### Task brief:
Write out the listing exactly, dropping any picture it contains.

### Data excerpt:
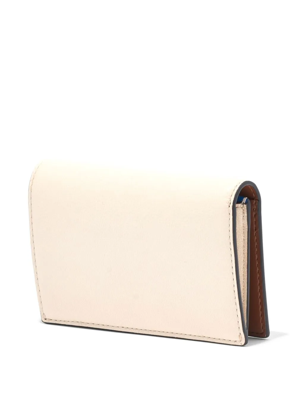 The Slim colour-block wallet from Marc Jacobs featuring cream white, blue, brown, goatskin, colour-block design, logo stamp to the front, internal logo stamp, foldover top with press-stud fastening, internal card slots and internal zip-fastening pocket.
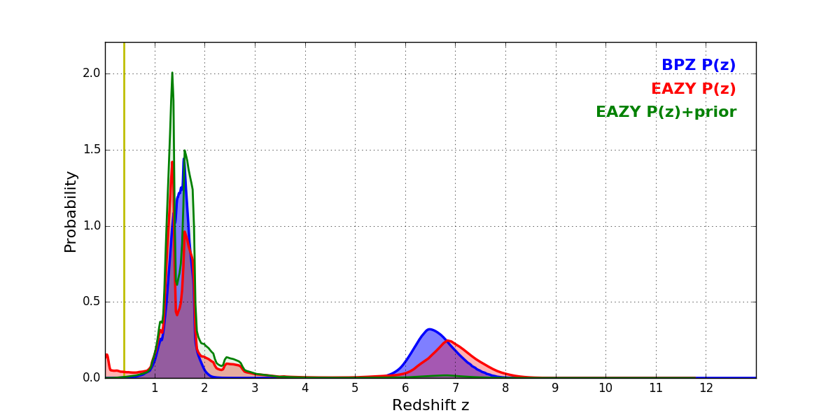 In P(z) plots: Yellow lines mark the cluster redshift z = 0.390,
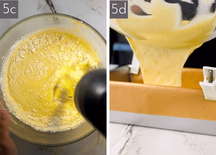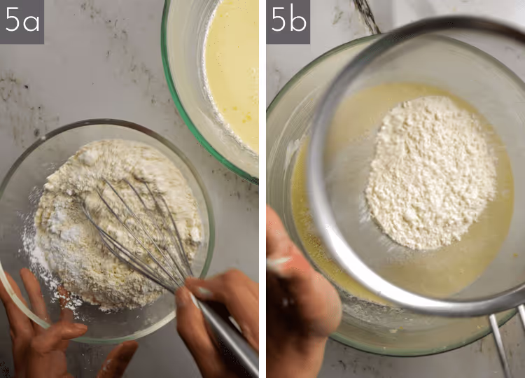 Whisk together the flour and baking powder in a small bowl (5a). Sift the flour mixture into the liquid batter in three additions, mixing after each addition until no visible flour remains (5b, c).
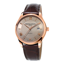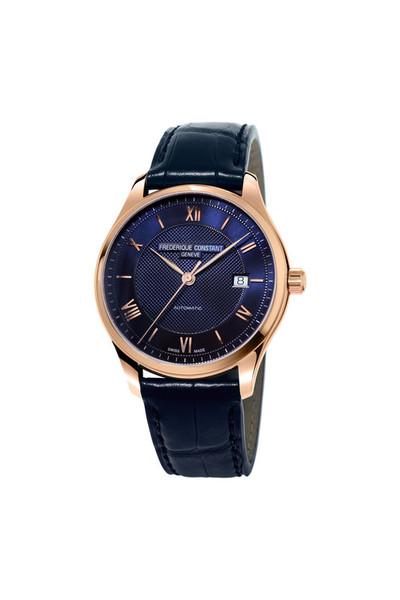 Часы Frederique Constant из семейства Classics оснащены автоматическим часовым механизмом FC-303 с 38-часовым запасом хода. Гильошированный циферблат темно-синего или светло-серого цвета показывает часы, минуты, секунды и дату. Окошко указателя даты находится в положении «3 часа». Часы в полированном стальном корпусе диаметром 40 мм носятся на ремешке из телячьей кожи с тиснением под крокодиловую кожу. Стальная модель с темно-синим циферблатом в качестве крепления имеет полированный браслет из нержавеющей стали.

### Answer for the task:
 The Slim colour-block wallet from Marc Jacobs featuring cream white, blue, brown, goatskin, colour-block design, logo stamp to the front, internal logo stamp, foldover top with press-stud fastening, internal card slots and internal zip-fastening pocket.
 In P(z) plots: Yellow lines mark the cluster redshift z = 0.390,
 Whisk together the flour and baking powder in a small bowl (5a). Sift the flour mixture into the liquid batter in three additions, mixing after each addition until no visible flour remains (5b, c).
 Часы Frederique Constant из семейства Classics оснащены автоматическим часовым механизмом FC-303 с 38-часовым запасом хода. Гильошированный циферблат темно-синего или светло-серого цвета показывает часы, минуты, секунды и дату. Окошко указателя даты находится в положении «3 часа». Часы в полированном стальном корпусе диаметром 40 мм носятся на ремешке из телячьей кожи с тиснением под крокодиловую кожу. Стальная модель с темно-синим циферблатом в качестве крепления имеет полированный браслет из нержавеющей стали.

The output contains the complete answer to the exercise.